▸ Task description
Output nothing but the lines from the one holding "科沃斯的偿债能力与去年同期相" to the end of the listing. Reproduce them exactly, without the pictures.

▸ Data shown
______________________________
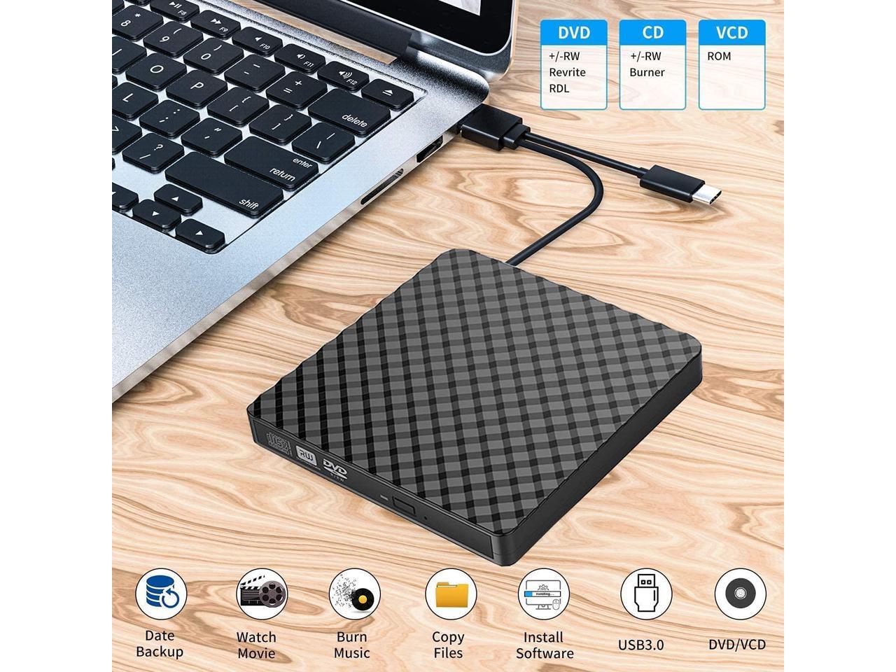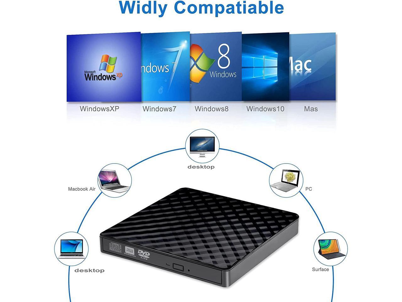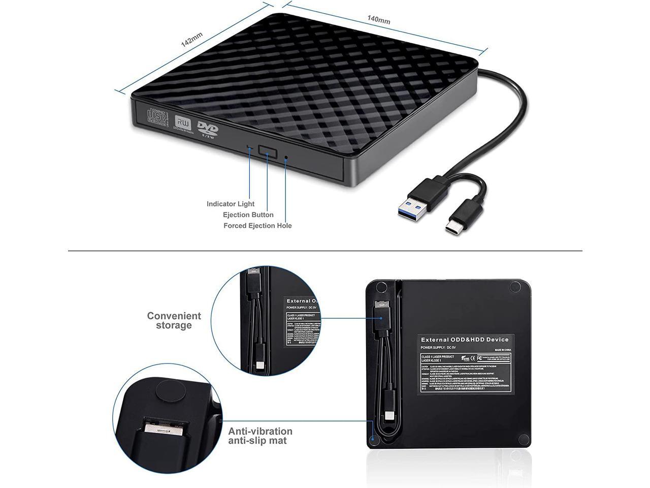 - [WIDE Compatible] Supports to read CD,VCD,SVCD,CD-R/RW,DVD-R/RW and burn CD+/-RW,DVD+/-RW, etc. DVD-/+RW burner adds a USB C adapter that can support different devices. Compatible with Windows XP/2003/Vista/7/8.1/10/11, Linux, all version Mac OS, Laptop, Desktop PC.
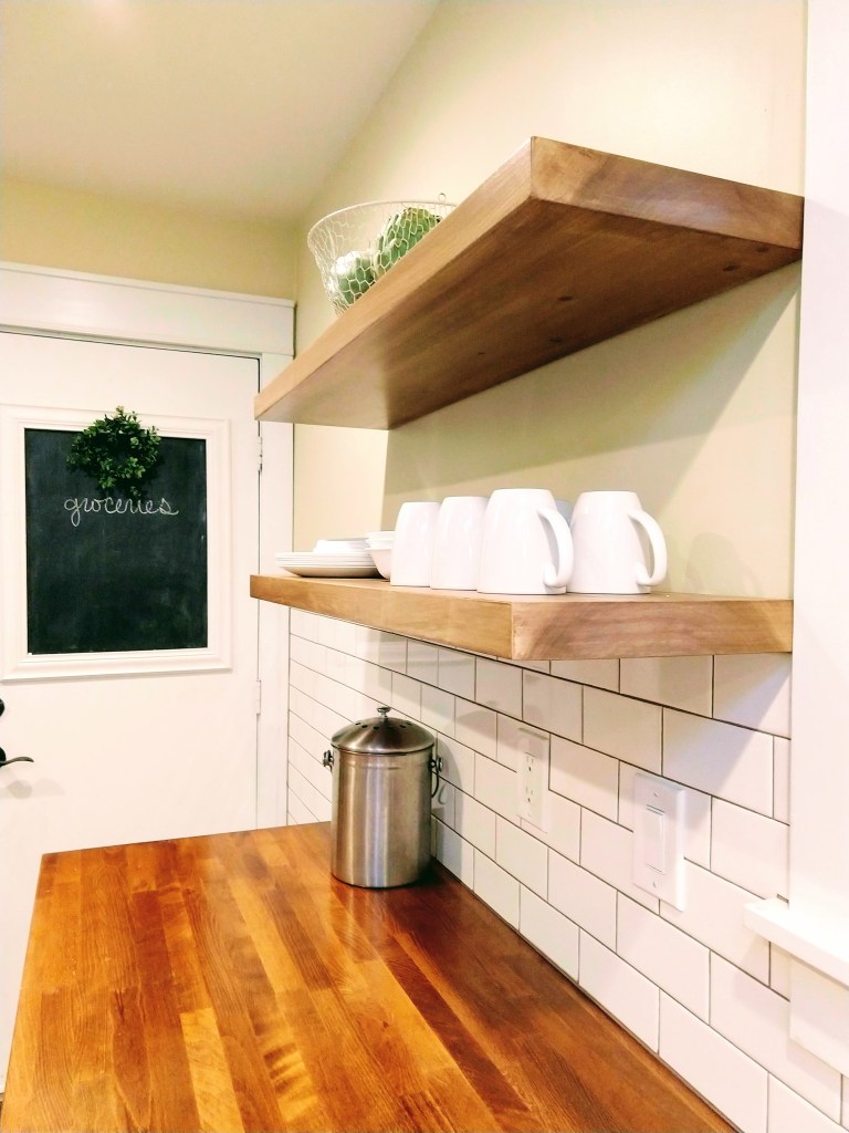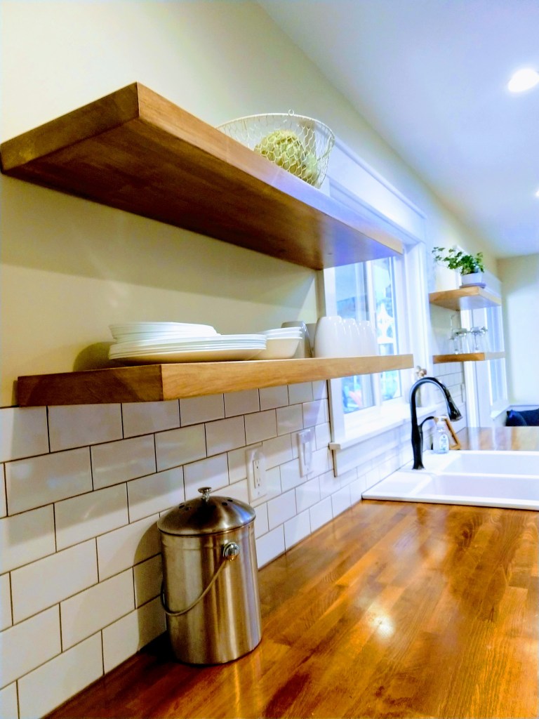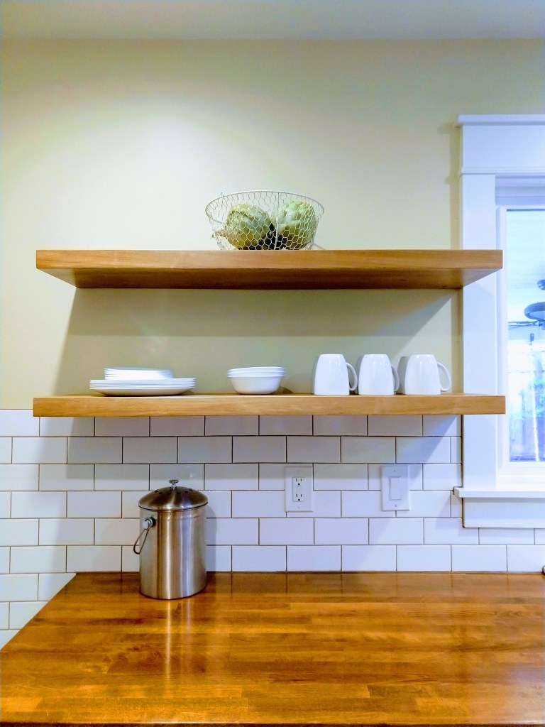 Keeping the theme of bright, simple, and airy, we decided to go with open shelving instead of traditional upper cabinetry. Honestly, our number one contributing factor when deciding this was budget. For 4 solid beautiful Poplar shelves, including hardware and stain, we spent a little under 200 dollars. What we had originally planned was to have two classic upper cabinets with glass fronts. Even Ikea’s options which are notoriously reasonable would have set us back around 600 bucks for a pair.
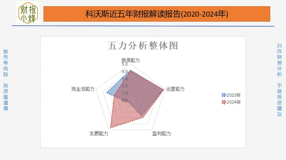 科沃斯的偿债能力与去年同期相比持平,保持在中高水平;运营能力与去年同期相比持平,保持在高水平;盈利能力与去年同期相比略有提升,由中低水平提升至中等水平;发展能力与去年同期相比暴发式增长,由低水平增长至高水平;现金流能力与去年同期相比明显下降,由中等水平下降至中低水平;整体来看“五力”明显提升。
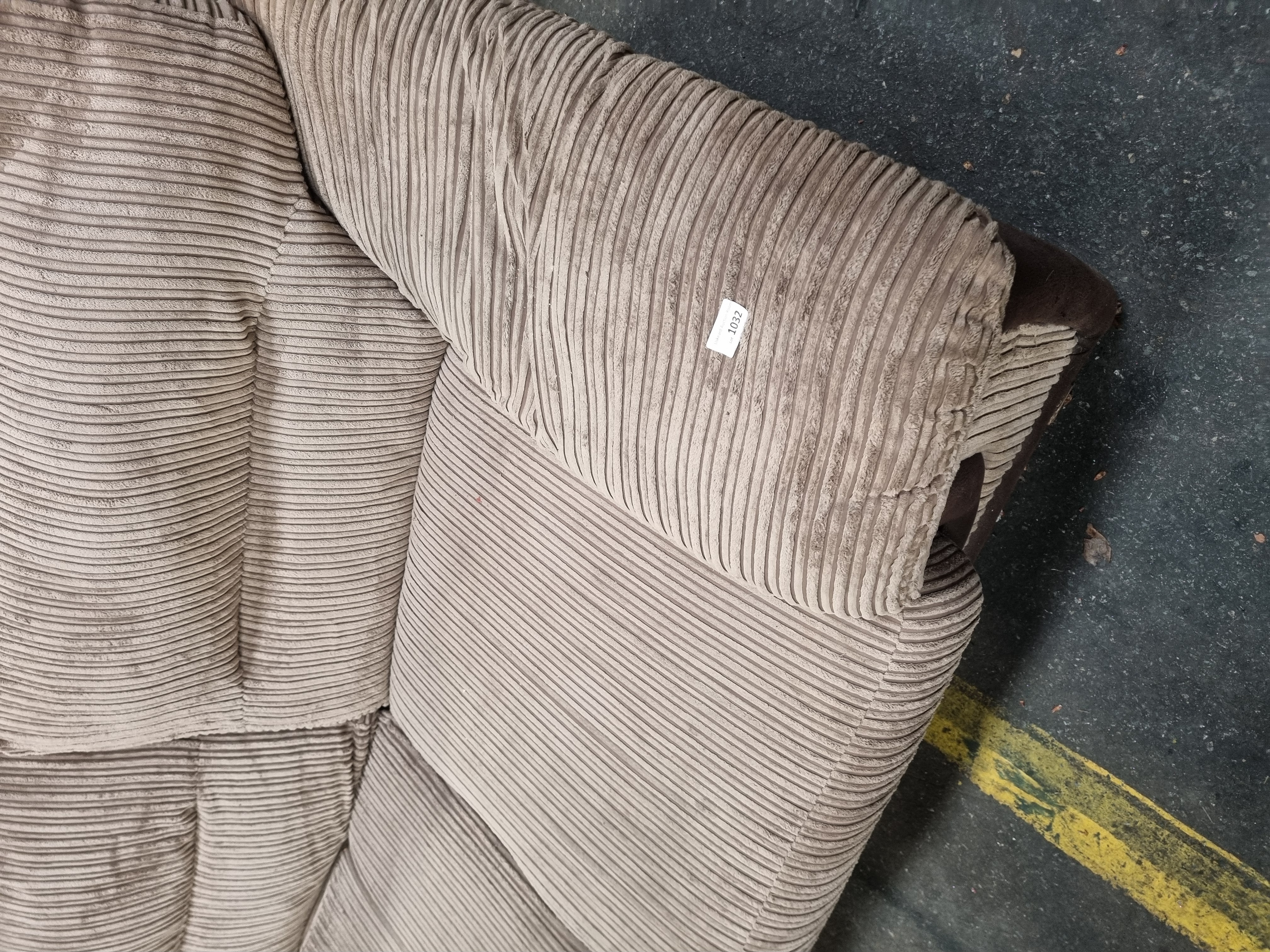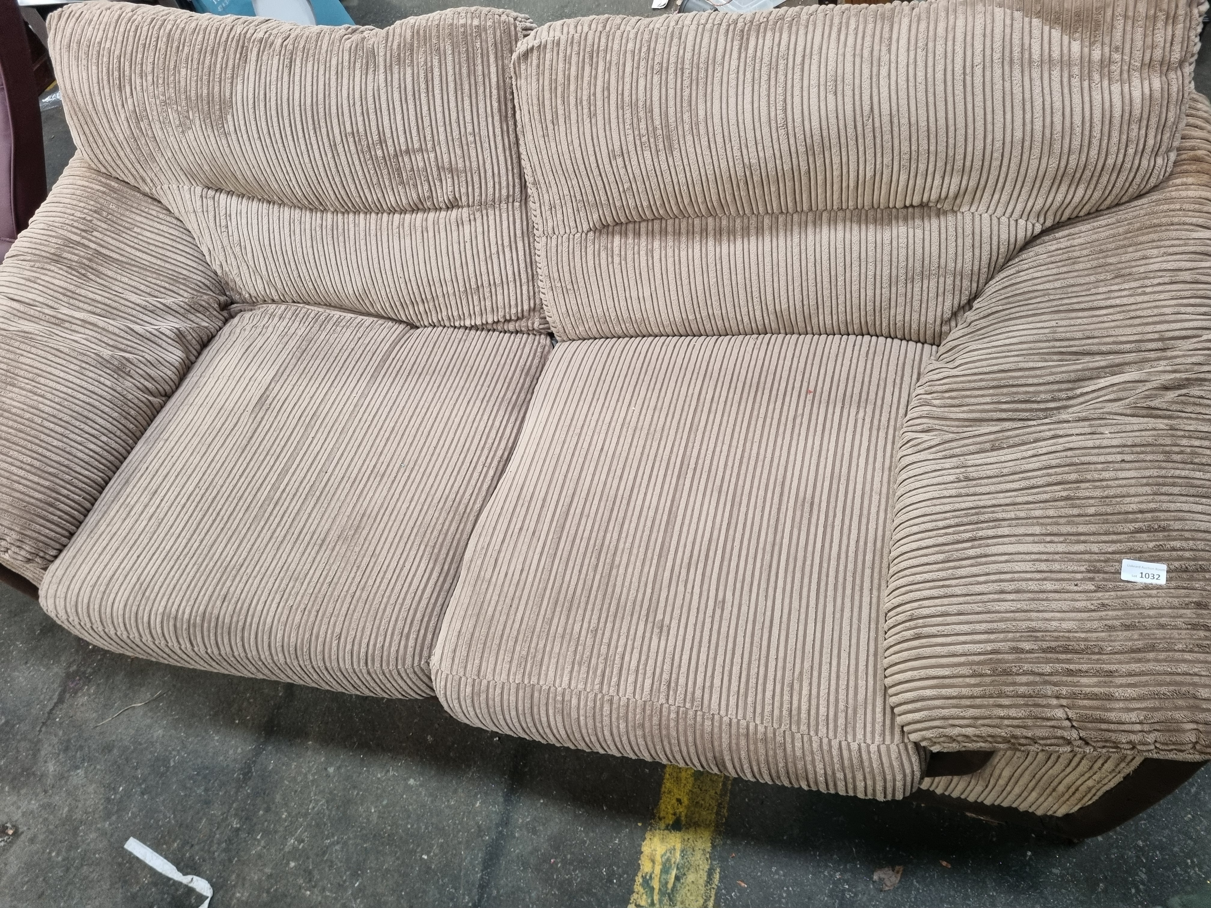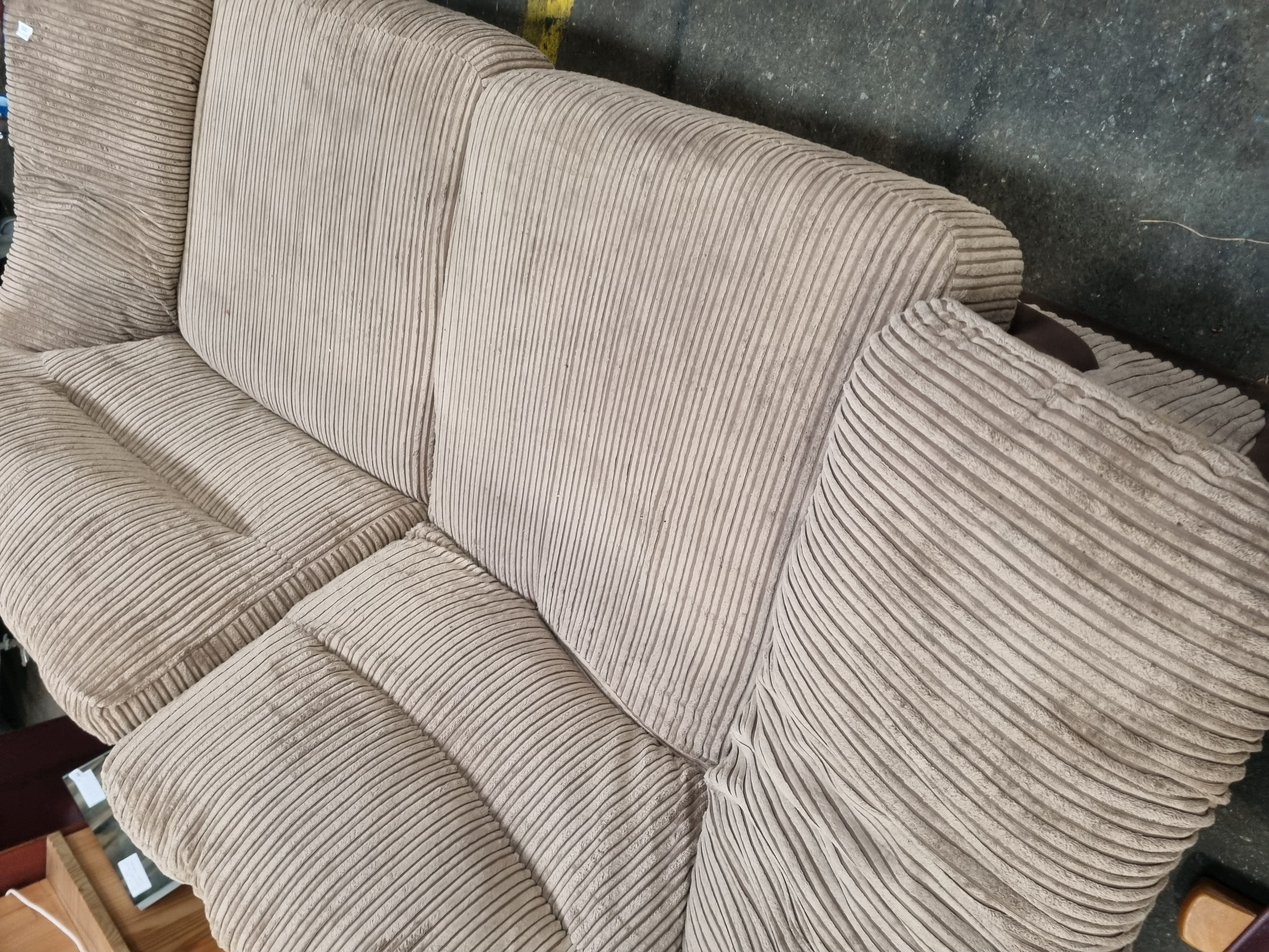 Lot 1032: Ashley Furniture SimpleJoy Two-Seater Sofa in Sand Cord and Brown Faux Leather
______________________________
▸ Exercise result
 科沃斯的偿债能力与去年同期相比持平,保持在中高水平;运营能力与去年同期相比持平,保持在高水平;盈利能力与去年同期相比略有提升,由中低水平提升至中等水平;发展能力与去年同期相比暴发式增长,由低水平增长至高水平;现金流能力与去年同期相比明显下降,由中等水平下降至中低水平;整体来看“五力”明显提升。
 Lot 1032: Ashley Furniture SimpleJoy Two-Seater Sofa in Sand Cord and Brown Faux Leather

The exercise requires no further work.